• What you should do: I need the lines from the one containing "2005; 106:35-39. |" through the last line of the entries retyped exactly, with no pictures among them.
========
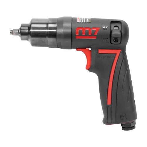 The M7 NC-2210N air impact wrench has a 1/4” drive. It is part of a product kit with six metric impact sockets from 9mm to 13mm. This air tool has a maximum forward torque of 45 ft-lb and a reverse torque of 50 ft-lb. This pneumatic impact wrench is great for attaching and loosening fasteners in various repair and maintenance settings.
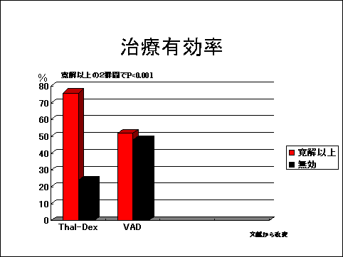 | 今月のEBM,ナウ(13) 治療法の新旧交代? {文献要約}多発性骨髄腫に対する従来の点滴の抗がん剤から内服薬への変更の可能性を示唆したイタリアからの報告。しかも、その内服薬はサリドマイド。解析方法は1996年から2004年までの後方視的研究。100例のサリドマイド-デキサメサゾン療法(Thal-Dex)と100例のvincristine-doxorubicin-dexamethasone(VAD)療法2群を年齢、臨床病期、血清β2-ミクログロブリン値で症例背景をmatchingさせて比較検討した。治療の詳しい内容は省略するが、サリドマイドは内服14日間、VADは24時間持続点滴で4日間。治療有効性は部分寛解以上が、76%と52%(P<0.001)。毒性ではVADに12%の骨髄毒性(grade3-4)が見られたが、Thal-Dexでは0%。深部静脈血栓症がThal-Dexの15%に合併するも,VADでは2%。 ![]() 結論:サリドマイド-デキサメサゾンはVAD療法に代わるものとなる。 文献:Cavo M et al. Superiority of thalidomide and dexamethasone over vincristine-doxorubicin-dexamethasone (VAD) as primary therapy in preparation for autologous transplantation for multiple myeloma. Blood. 2005; 106:35-39. |
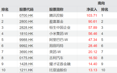 资金持续涌入港股科技板块。从近1个月南向资金表现看,腾讯控股以超103亿港元位居净买入榜首,小米集团-W、阿里巴巴-W、美团-W等港股科技龙头股同样位居南向资金净买入前十。
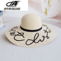 刺绣字母大檐草帽女夏天防晒海边沙滩度假遮阳帽安迪刘涛同款帽子
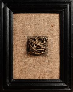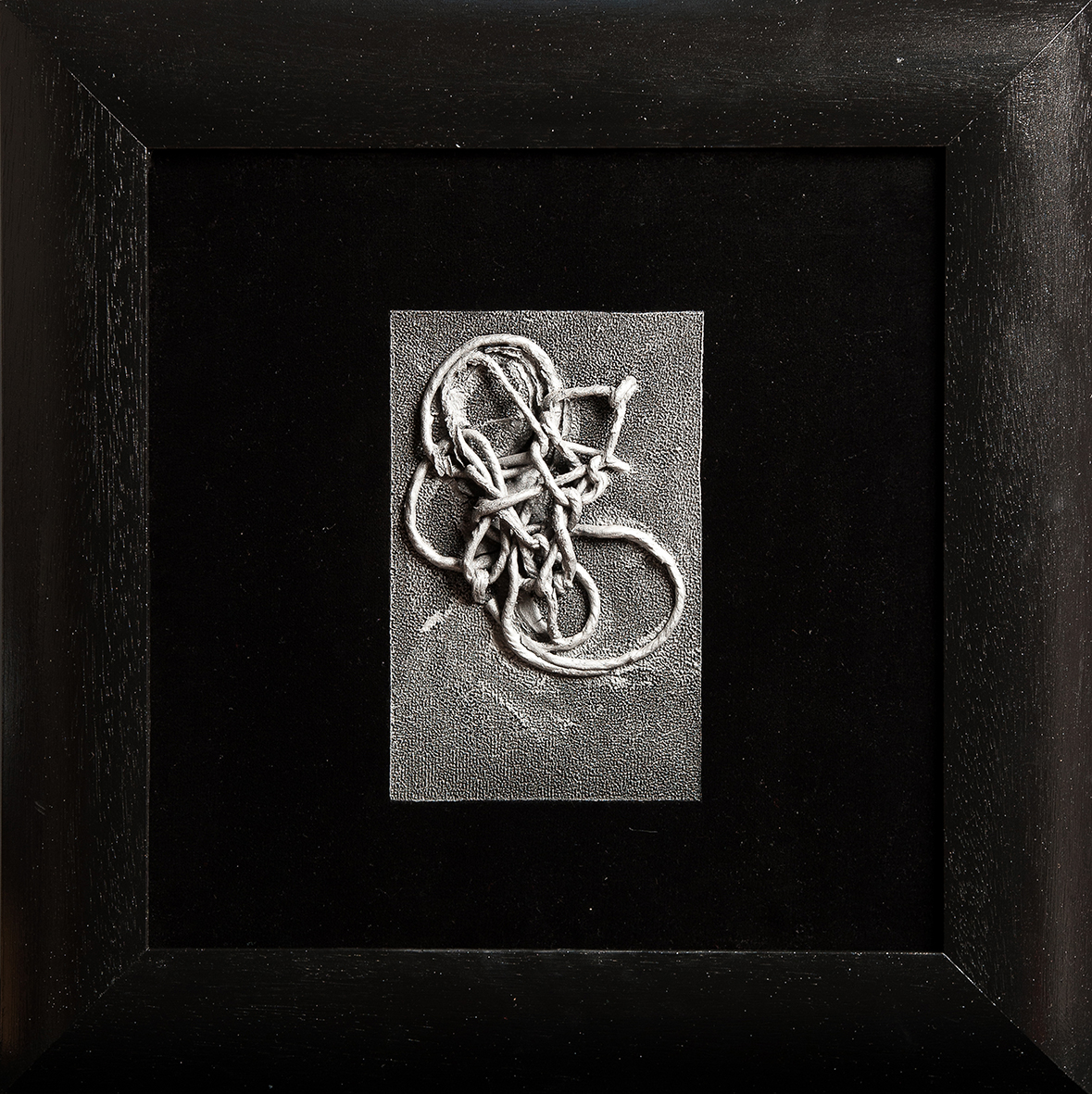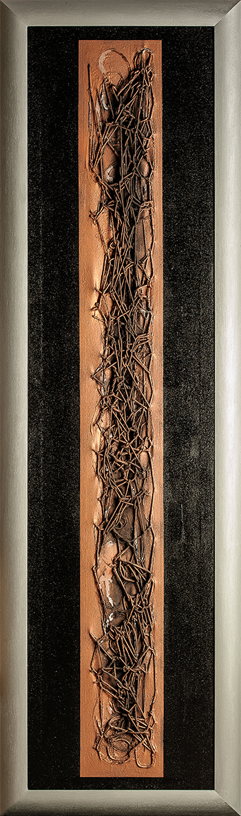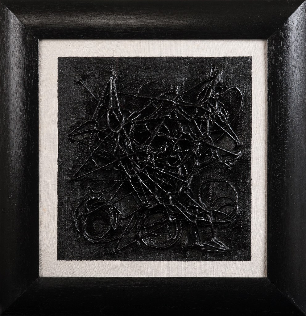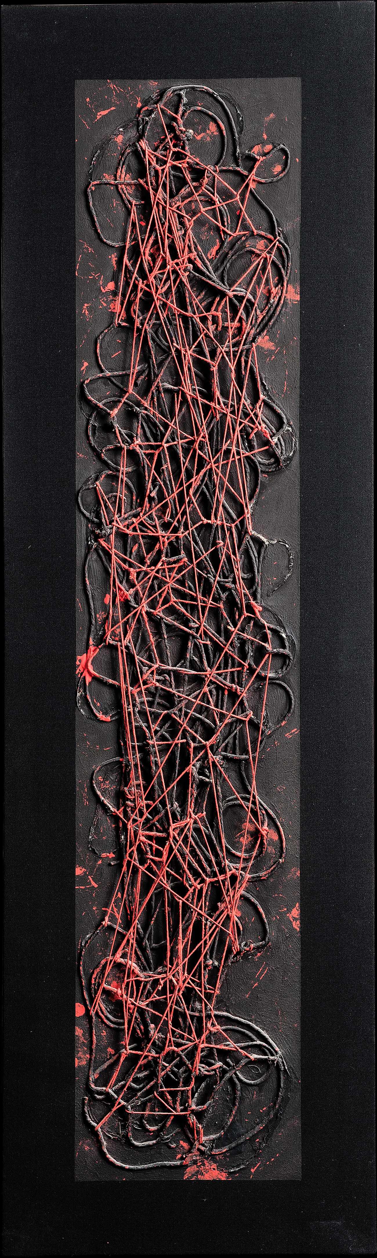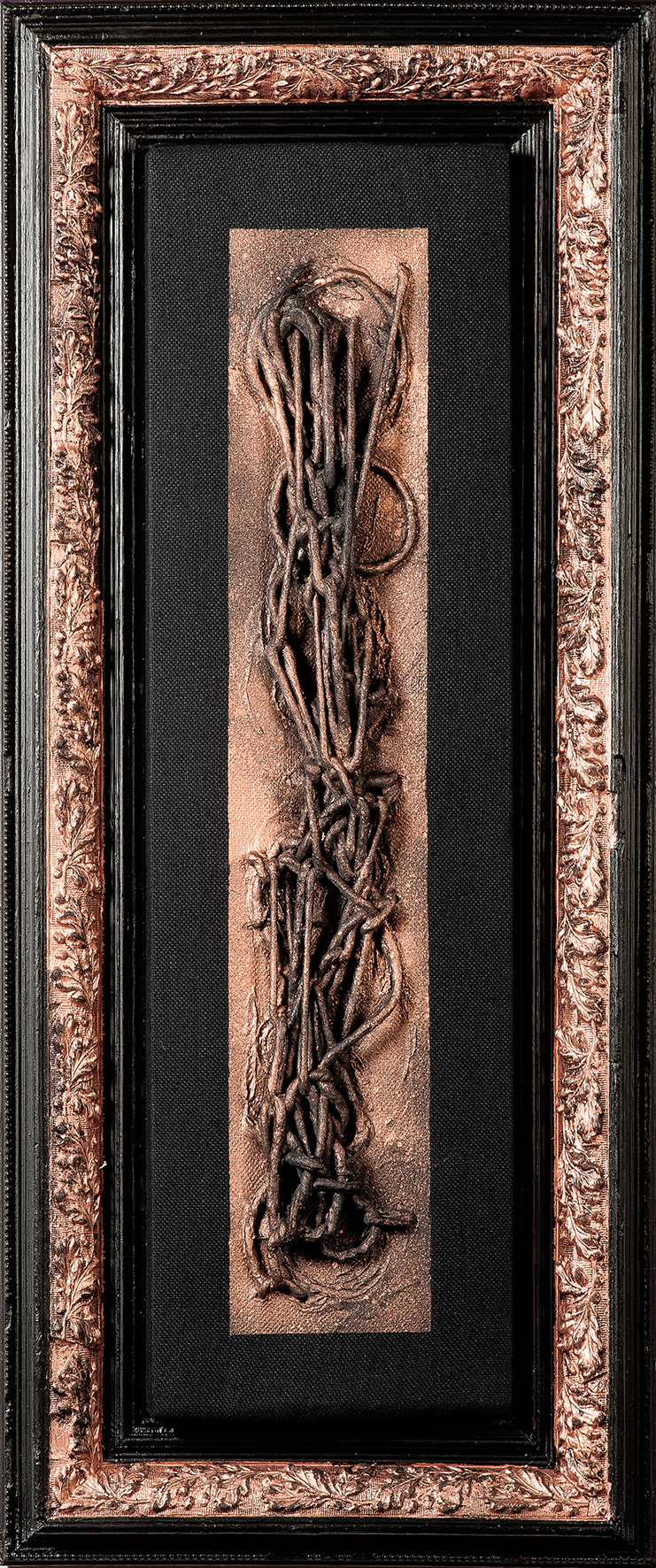 Tempera da muro,vernice metallica,corda su velluto nero
========
• Answer section:
 | 今月のEBM,ナウ(13) 治療法の新旧交代? {文献要約}多発性骨髄腫に対する従来の点滴の抗がん剤から内服薬への変更の可能性を示唆したイタリアからの報告。しかも、その内服薬はサリドマイド。解析方法は1996年から2004年までの後方視的研究。100例のサリドマイド-デキサメサゾン療法(Thal-Dex)と100例のvincristine-doxorubicin-dexamethasone(VAD)療法2群を年齢、臨床病期、血清β2-ミクログロブリン値で症例背景をmatchingさせて比較検討した。治療の詳しい内容は省略するが、サリドマイドは内服14日間、VADは24時間持続点滴で4日間。治療有効性は部分寛解以上が、76%と52%(P<0.001)。毒性ではVADに12%の骨髄毒性(grade3-4)が見られたが、Thal-Dexでは0%。深部静脈血栓症がThal-Dexの15%に合併するも,VADでは2%。 ![]() 結論:サリドマイド-デキサメサゾンはVAD療法に代わるものとなる。 文献:Cavo M et al. Superiority of thalidomide and dexamethasone over vincristine-doxorubicin-dexamethasone (VAD) as primary therapy in preparation for autologous transplantation for multiple myeloma. Blood. 2005; 106:35-39. |
 资金持续涌入港股科技板块。从近1个月南向资金表现看,腾讯控股以超103亿港元位居净买入榜首,小米集团-W、阿里巴巴-W、美团-W等港股科技龙头股同样位居南向资金净买入前十。
 刺绣字母大檐草帽女夏天防晒海边沙滩度假遮阳帽安迪刘涛同款帽子
 Tempera da muro,vernice metallica,corda su velluto nero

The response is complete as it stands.